Глухой «висяк» себе на шею тоже никто вешать не хотел. Но никаких иных вариантов попросту не существовало. И уголовное дело по факту пропажи гражданина Шарова Петра Владимировича перешло в указанный выше разряд.
Дед просто исчез.
Бабушка с трудом перенесла этот факт. Постарела и осунулась. Но – выправилась.
И немалую роль в этом сыграли внуки – каждое лето приезжавшие к ней в гости. И отвлекавшие её от грустных мыслей своим безудержным энтузиазмом и юношеским задором.
Варенье и компоты, помощь по хозяйству, да и просто беготня по старинному дому – на всё это с трудом хватало целого дня! А ещё и здоровенный огород – вообще неизведанная до конца земля.

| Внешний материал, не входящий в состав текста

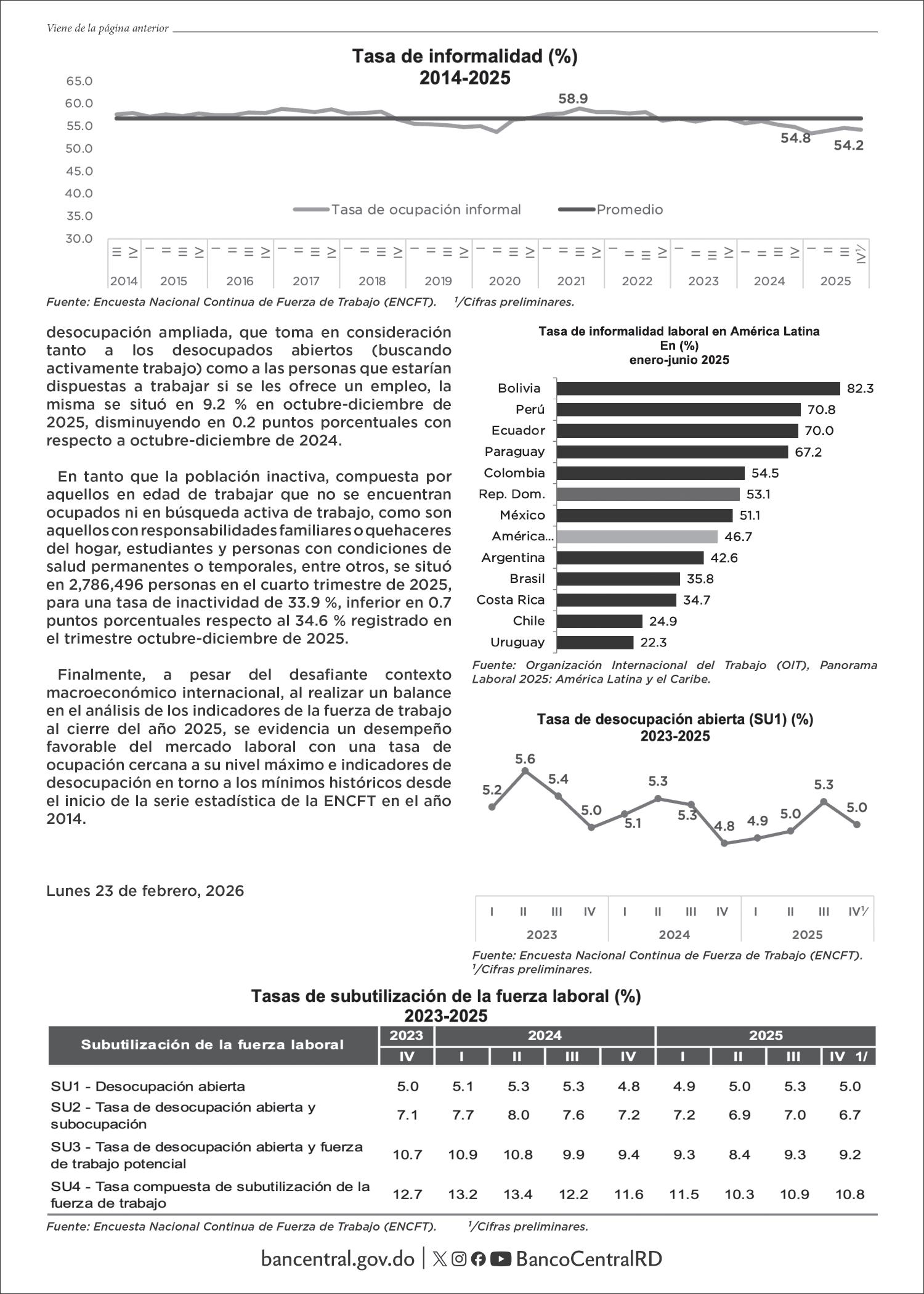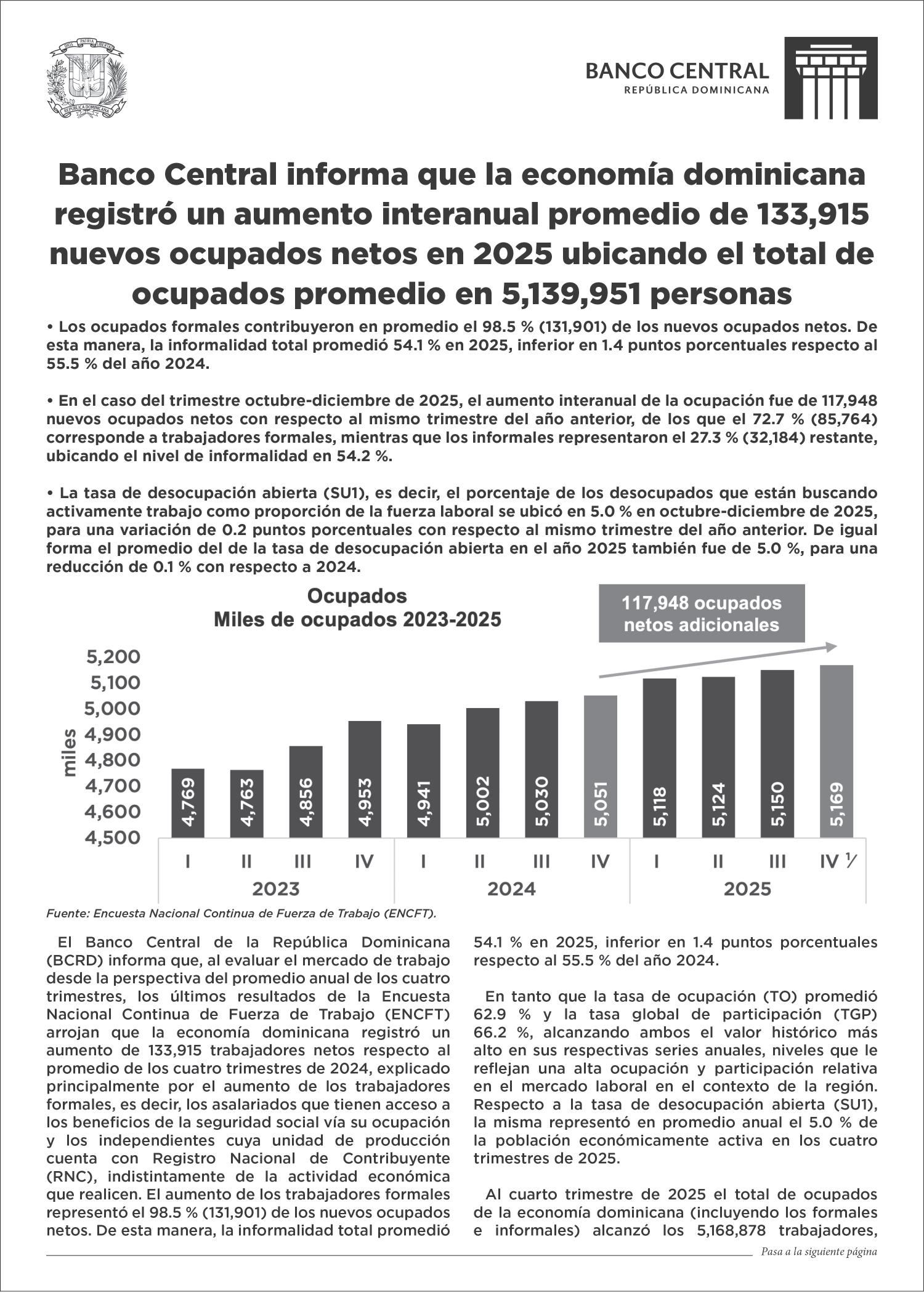 TRABAJO. El total de ocupados promedio es de 5,139,951 personas. El aumento de los trabajadores formales representó el 98.5 %. La informalidad promedió 54.1 %. P.21
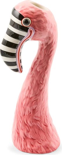 Display your favorite florals in playful style with this hand-painted flamingo vase.
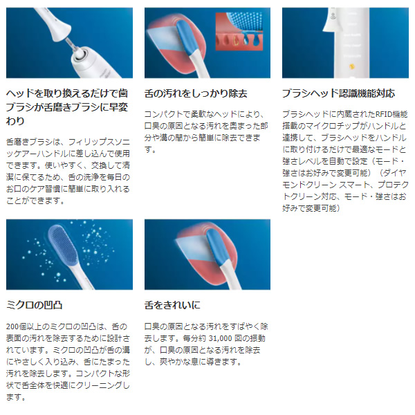 フィリップス ソニッケアーでクリーンな舌に ソニッケアーシリーズ唯一の舌磨きブラシ ■ブラシヘッド 舌磨き(ホワイト)2 本 ■ブラシヘッドの方式 はめ込み式 ■使用できるモデル ソニッケアーキッズ、e シリーズ以外すべてのモデル ■ブラシヘッド認識機能対応 ○ ■色 ホワイト ※記載は商品仕様の一部です。仕様説明不足等の理由での返品はできません。特に適合等は必ずご確認ください。
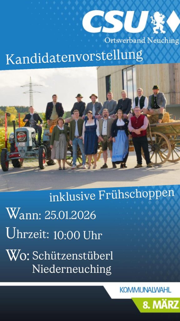 Jahresrückblick 2025 Stabile Demokratie, lebendige Gemeinschaft und klare Zukunftsperspektiven Das Jahr 2025 war für die CSU Neuching geprägt von politischer Verantwortung, lebendigem Vereins- und Gemeinschaftsleben sowie wichtigen personellen und inhaltlichen Weichenstellungen für die kommenden Jahre. Im Mittelpunkt stand die Jahreshauptversammlung am 28. März 2025, bei der Bürgermeister und Ortsvorsitzender Thomas Bartl gemeinsam mit zahlreichen Mitgliedern […]
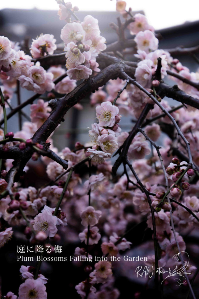 庭に降る梅 枝垂れた梅が、重なりながら庭を埋めていく。 丸い蕾と、開いた花びら。濃い幹に沿って、春の重さだけが下へ集まる。 屋根の気配を背に、満開の気配が静かに... -

Дом стоял на самом краю города, к огороду подступал тенистый лес. И в нём тоже имелась масса интересных вещей! Надо исследовать протекавшую поблизости реку, осмотреть полутёмный чердак, залезть в подвал – и непременно в самый дальний угол! И так – почти три месяца подряд!
Так ещё и в течение года случались каникулы – пусть и не столь продолжительные, как летние. Вечно занятые на работе родители были только рады тому, что дети не сидят в четырёх стенах московской квартиры – Боровск казался им самой удачной альтернативой прозябанию в каменных джунглях.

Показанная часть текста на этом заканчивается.